#### [Extracted records]
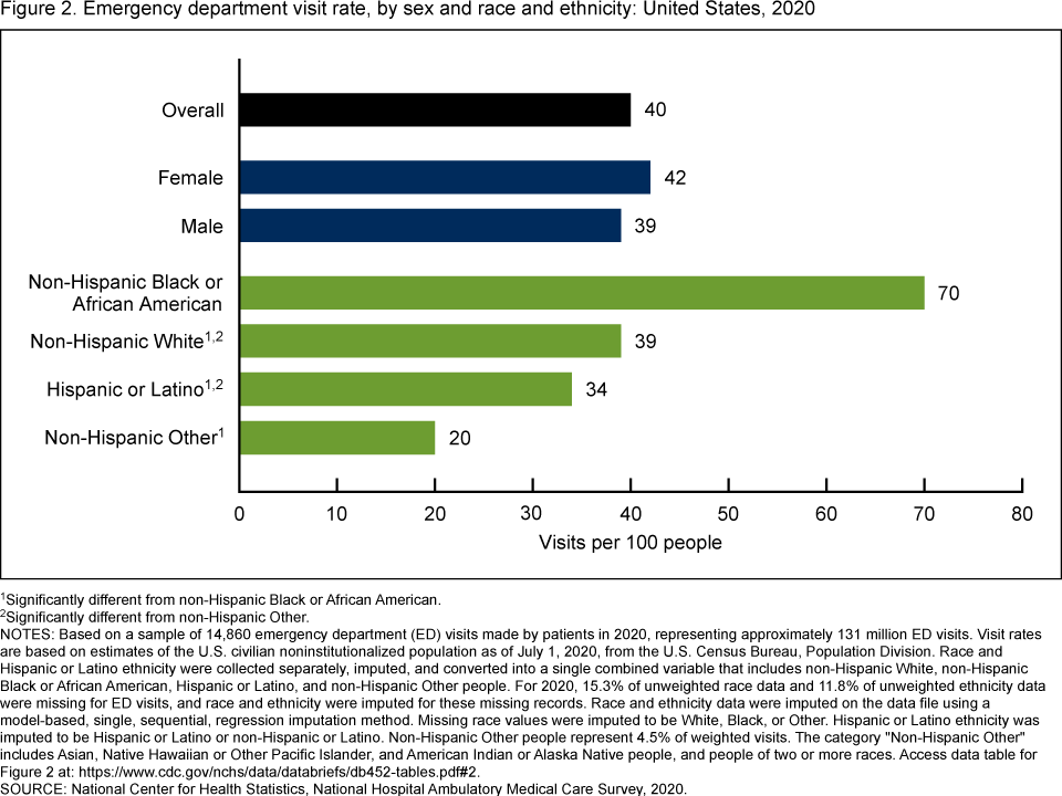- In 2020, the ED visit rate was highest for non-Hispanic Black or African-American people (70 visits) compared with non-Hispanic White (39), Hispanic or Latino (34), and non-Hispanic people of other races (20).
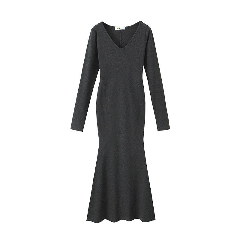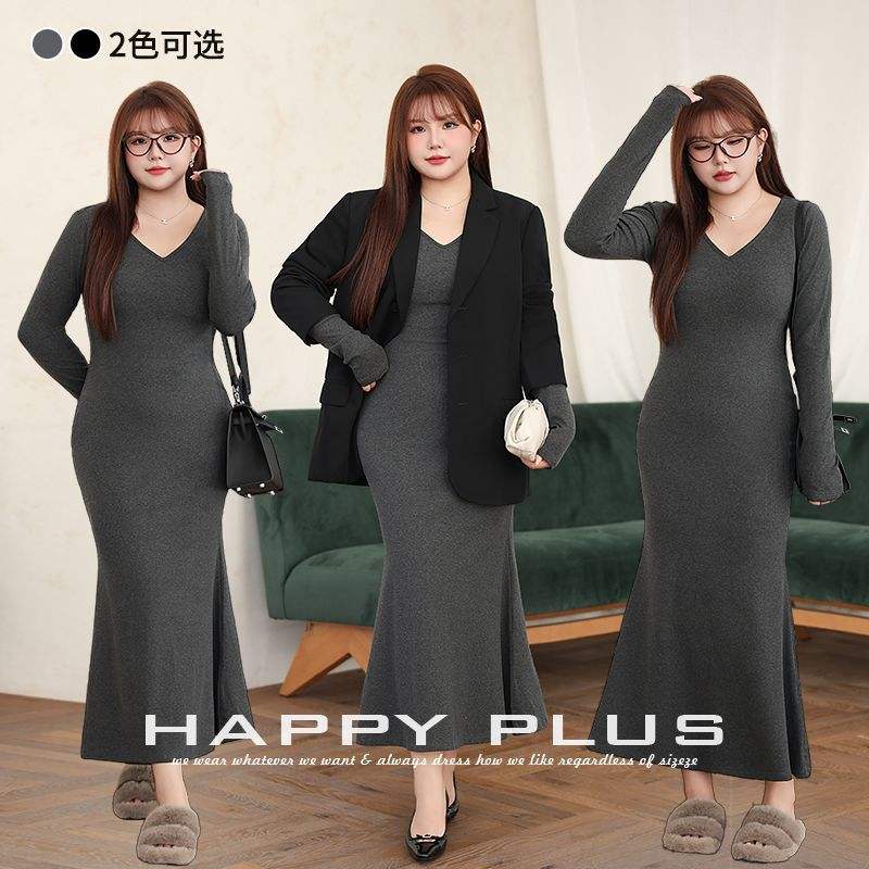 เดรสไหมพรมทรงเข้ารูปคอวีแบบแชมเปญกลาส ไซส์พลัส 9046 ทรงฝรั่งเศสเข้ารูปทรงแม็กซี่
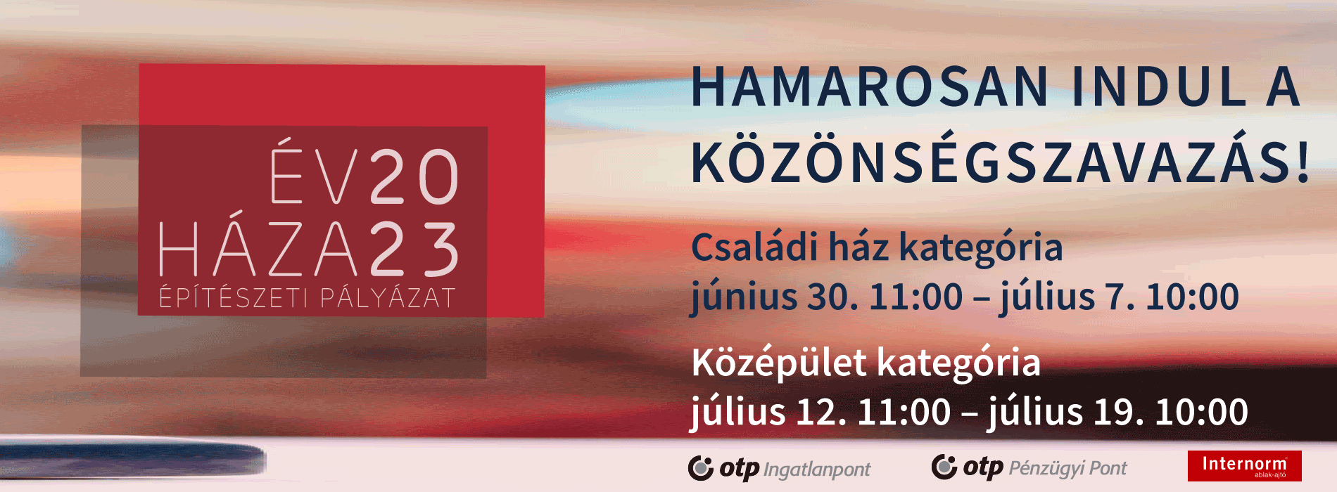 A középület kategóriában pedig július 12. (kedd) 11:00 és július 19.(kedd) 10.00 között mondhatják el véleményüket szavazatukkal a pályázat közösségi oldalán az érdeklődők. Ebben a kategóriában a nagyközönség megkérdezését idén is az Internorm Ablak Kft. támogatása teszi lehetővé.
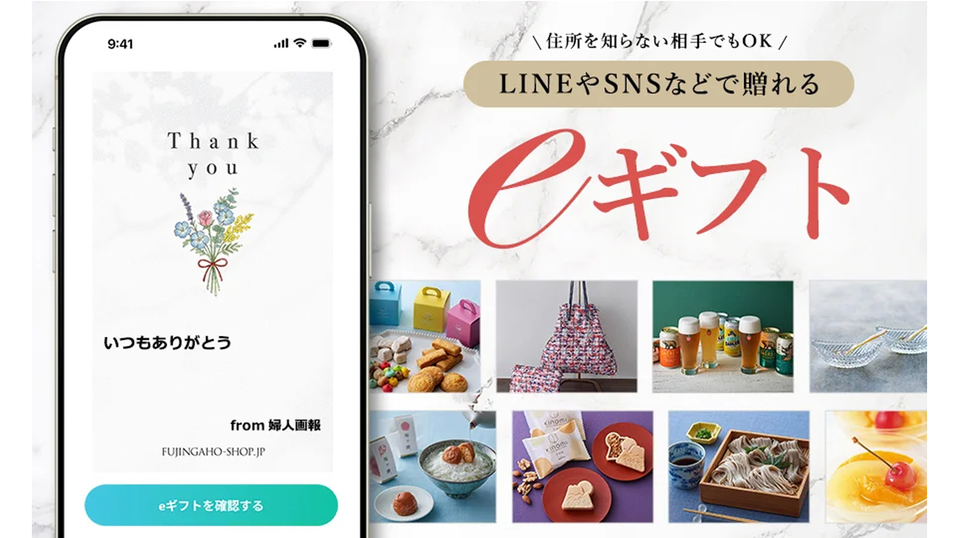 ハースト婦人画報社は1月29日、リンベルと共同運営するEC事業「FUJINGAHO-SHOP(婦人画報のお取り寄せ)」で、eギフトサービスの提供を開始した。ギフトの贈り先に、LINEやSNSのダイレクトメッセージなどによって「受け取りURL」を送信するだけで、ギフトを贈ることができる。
---
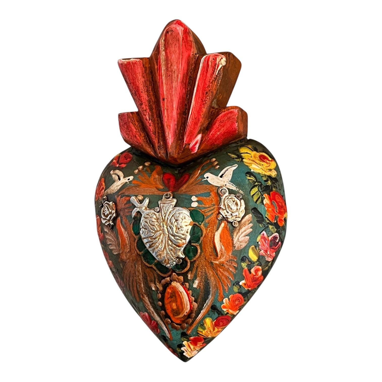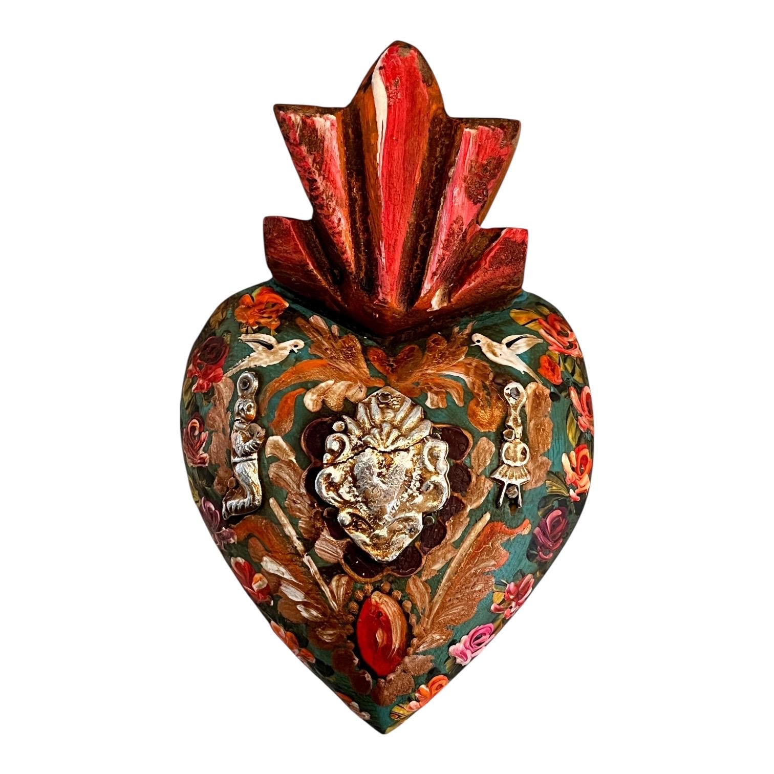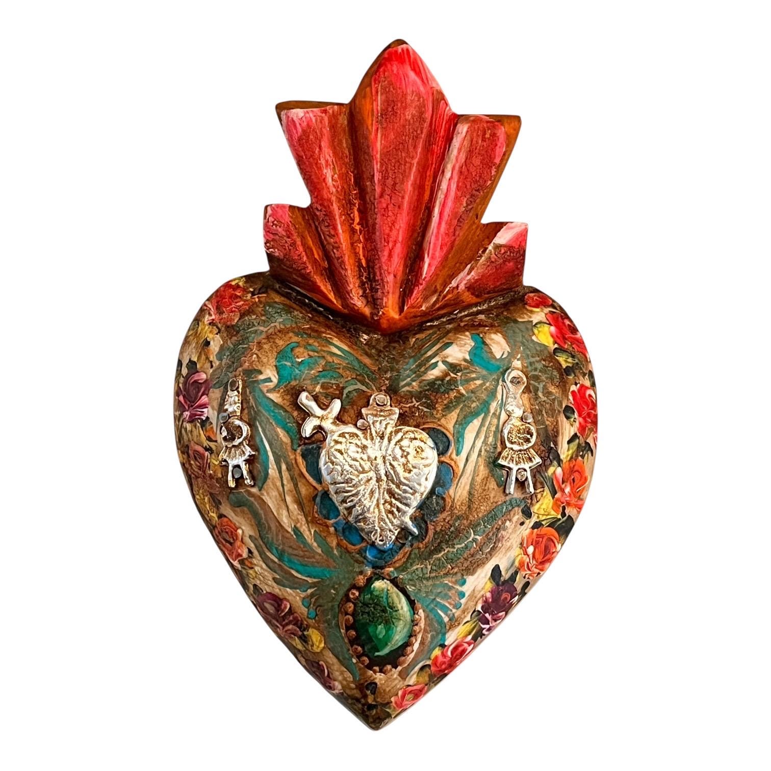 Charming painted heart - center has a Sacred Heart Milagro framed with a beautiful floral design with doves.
--
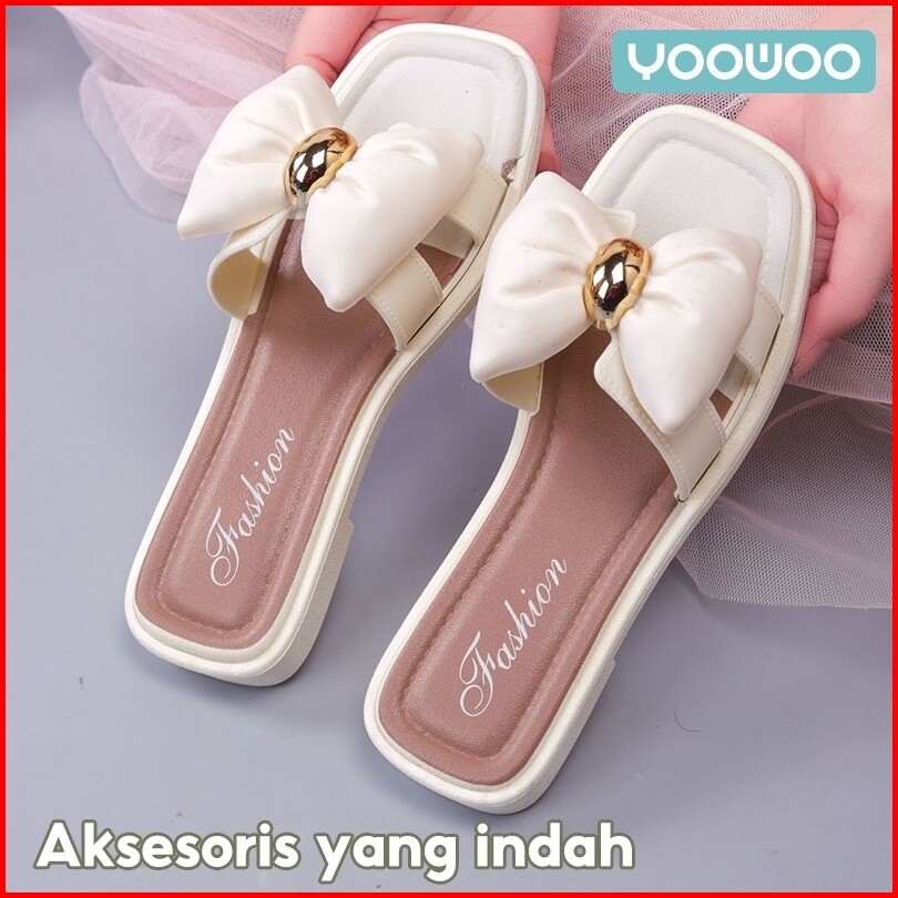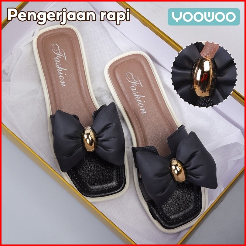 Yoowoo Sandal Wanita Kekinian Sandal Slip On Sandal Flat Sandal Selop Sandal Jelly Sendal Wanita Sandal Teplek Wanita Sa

#### [Task requirements]
In the listing above, find the line containing "เดรสไหมพรมทรงเข้ารูปคอวีแบบแชมเปญกลาส ไซส์พลัส 9046" and the line containing "ハースト婦人画報社は1月29", then print exactly those two lines and every line between them, minus the pictures.

#### [Written answer]
 เดรสไหมพรมทรงเข้ารูปคอวีแบบแชมเปญกลาส ไซส์พลัส 9046 ทรงฝรั่งเศสเข้ารูปทรงแม็กซี่
 A középület kategóriában pedig július 12. (kedd) 11:00 és július 19.(kedd) 10.00 között mondhatják el véleményüket szavazatukkal a pályázat közösségi oldalán az érdeklődők. Ebben a kategóriában a nagyközönség megkérdezését idén is az Internorm Ablak Kft. támogatása teszi lehetővé.
 ハースト婦人画報社は1月29日、リンベルと共同運営するEC事業「FUJINGAHO-SHOP(婦人画報のお取り寄せ)」で、eギフトサービスの提供を開始した。ギフトの贈り先に、LINEやSNSのダイレクトメッセージなどによって「受け取りURL」を送信するだけで、ギフトを贈ることができる。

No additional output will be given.